Thank you for showing us how beautiful math can be.🥰🥰

Another reason we can ignore the case where a sequence goes below the starting number when there is a lower number in the repeating loop is because the lower number in the loop will already give a counterexample and we only need the counter with the smallest starting number

That was a fascinating explanation! top notch quality content, great work

A new pattern I found with triangles-> Something I found to think about: there are triangles of twins( numbers one apart in the Collatz)a represents the top number of the triangle and below it is a+1 and the restriction is a+2 is prime.Twins are vertical in these triangles and reach a connection in the same number of moves as the rest of the twin ex: 20,21 both reach 16 after 3 iterations. I’m not sure why 144, 145, and 146 have this behavior, reaching 94 after several moves. The triangles “start” with a(2^n -1)+(a-2), where the start are the values on the left. PS. a=-1 is an exception but is a triangle . What happens in the middle and on are that when you apply the Collatz sequence to it the twins and connections form. I think I am the first to find these “Collatz Triangles” and that they are helpful to the proof. There are patterns with a+1= 0 and 2 mod4 but I’ll leave those for someone to figure out. -Isaac D.

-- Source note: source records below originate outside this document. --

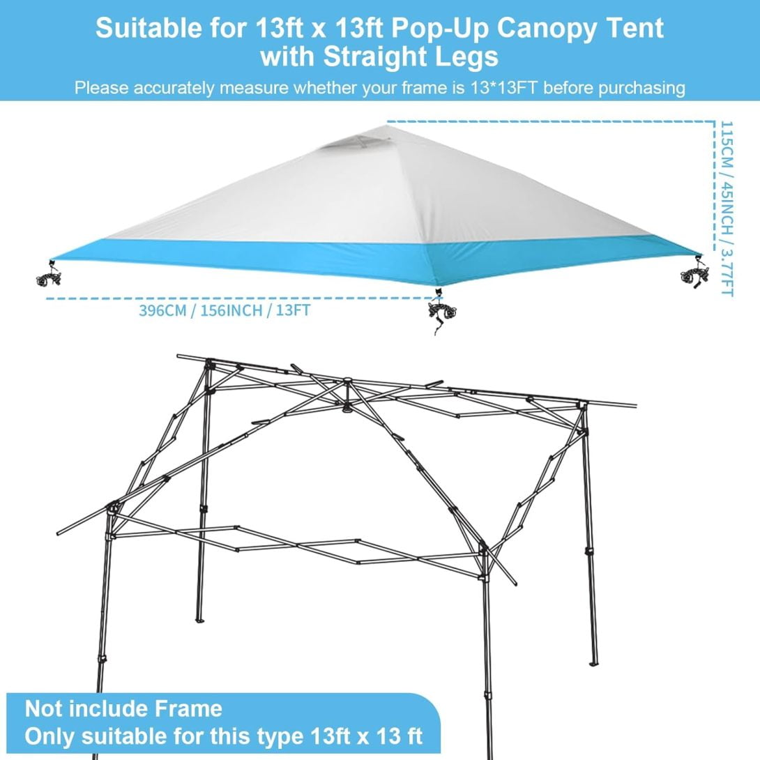 • 【❥Easy installation and removal】 -13×13 single tier waterproof instant canopy silver coated cover with its easy-to-use attachment system, you can quickly and effortlessly install or remove the Replacement Top Cover.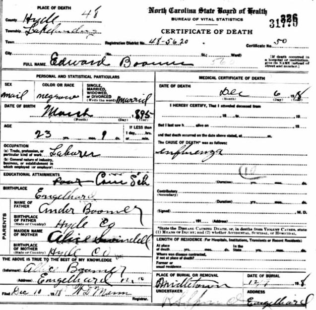 | Boomer, Edward | Mar. __, 1895 | Dec. 6, 1918 | [seedeath certificate] |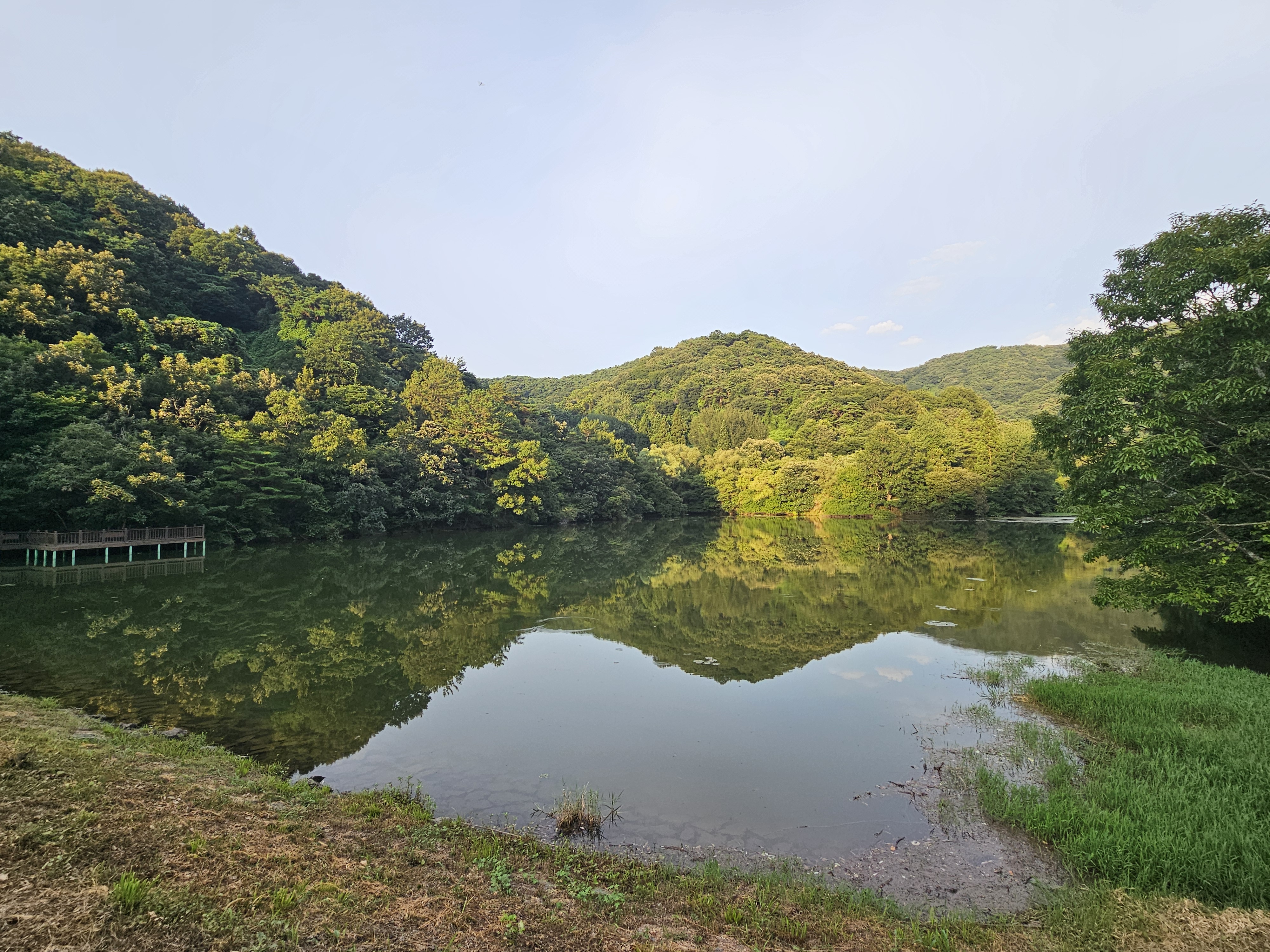 제방 아래 방금 걸어왔던 세량제생태공원 풍경입니다.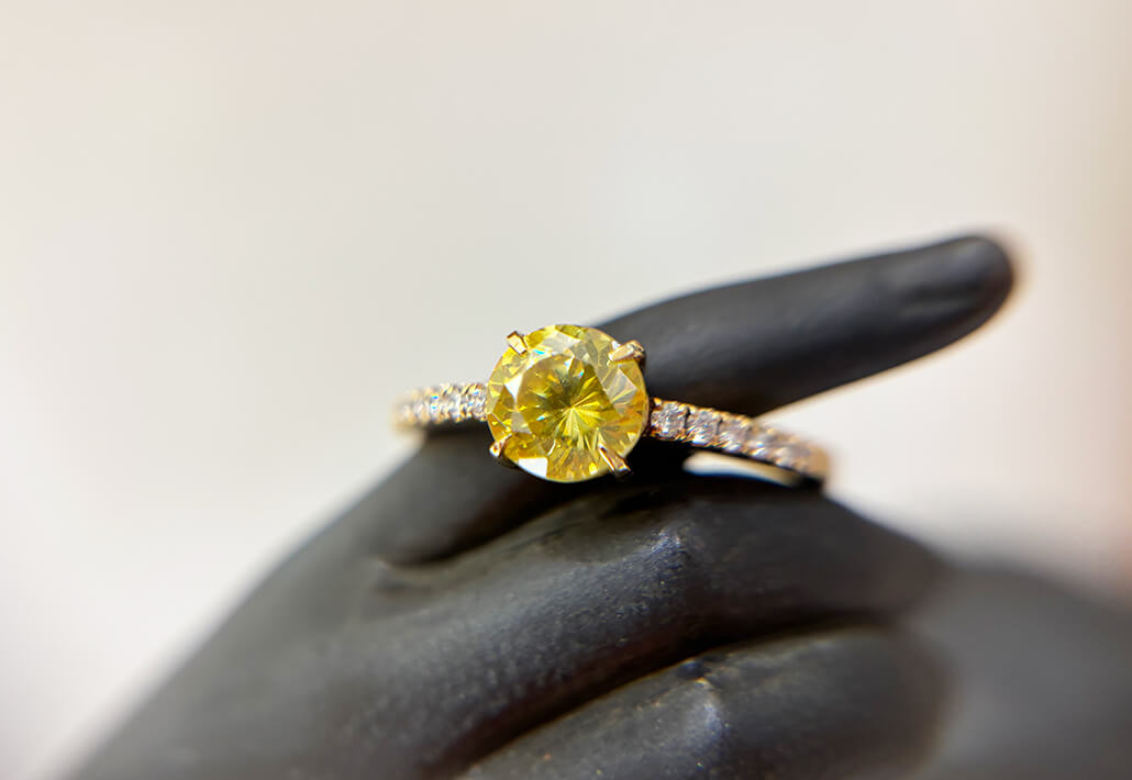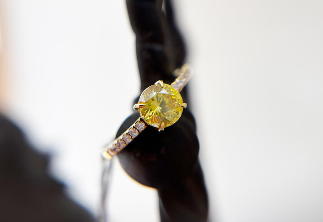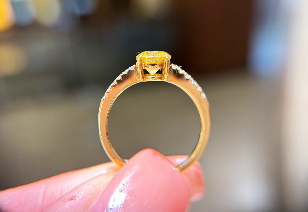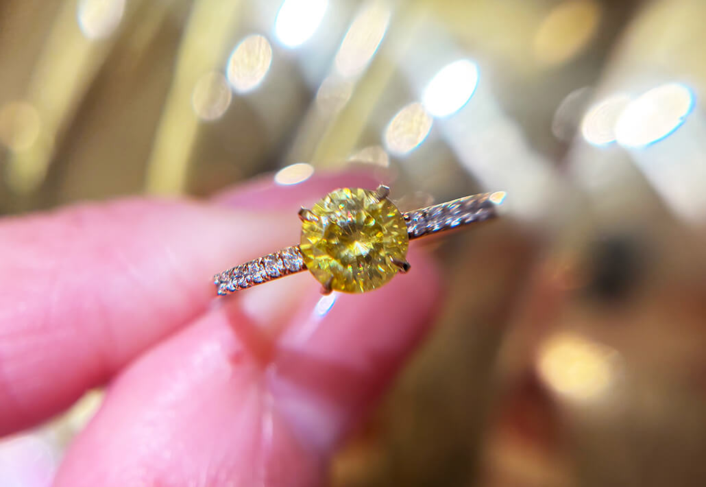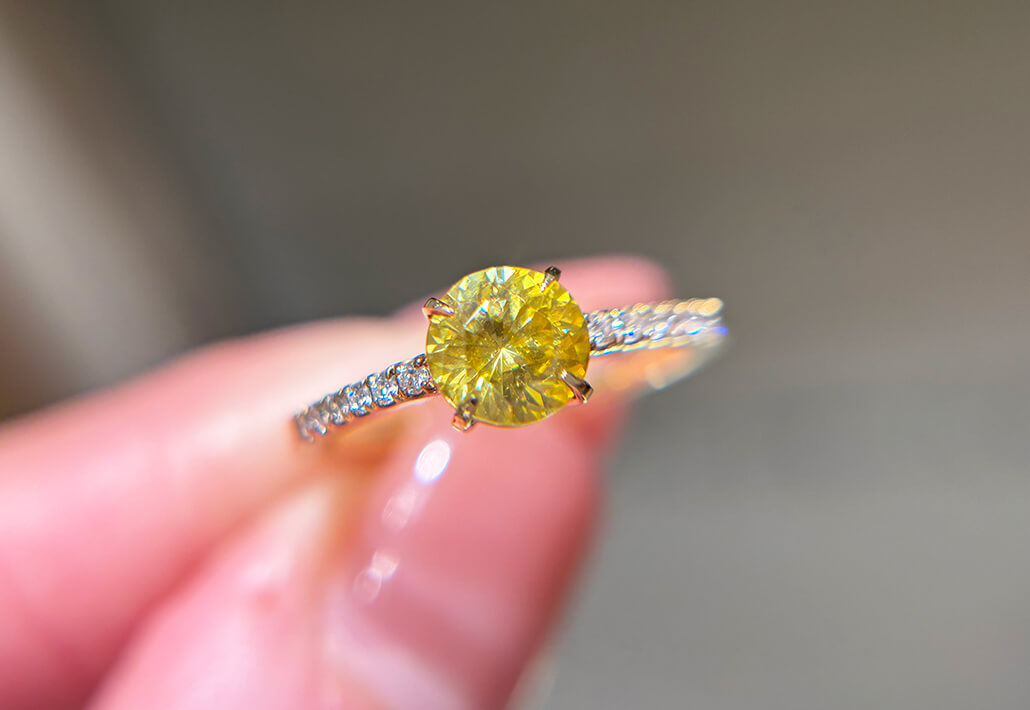 1カラットを越しイエロー系、光の加減で様々な方向からオレンジ、イエロー、グリーンの光が見受けられます。着けていくのは億劫になっても、見ている時間はあっという間です。観賞用としても非常に楽しめます。

This is the reason why you should use (3x+1)/2 as the odd rule, counting as 1 step. Then you will see that all combinations of s steps repeats with a period of 2^s.
Then you can generalize the patterns like this: If a number n goes below itself in s steps, then every number (2^s)+n will also go below itself in s steps.

This is beautiful!

5:03 1) their indexes are divisible by two (2x)
So you end up at indexes of type 3x. (2steps for 2+8x'th odd, ending up at 3+12x'th odd,4+8x'th odd, would therefore end up at 9+18x and so on but after 4steps)
2)indexes of type 3x(not divisible by two) always point to ones of type 4x+1(where x is now a different offset) therefore you can apply 4x+1->x(3 steps but even, so check other branch a step back) (or 4(x)+3->4(3x-1/2)+6(x-1/2)+3(non- odd math makes it hard) but then you are at an even odd x and not at an odd odd x and you need to check step 1)
3)leaving you at number smaller than the initial by ~3/4 (you can derive the exact value)
What's your point, the conjecture is already true because you can't construct a number with infinite power as infinity is not a number.
So you stop increasing after n steps and go into a spiral down. The same 1241 loop but with the end being smaller than the initial and longer in length.(to be peer reviewed)
It's hard to keep two numbering systems parallelly in your head while describing complex topics. So that's the excuse for the potential mistakes.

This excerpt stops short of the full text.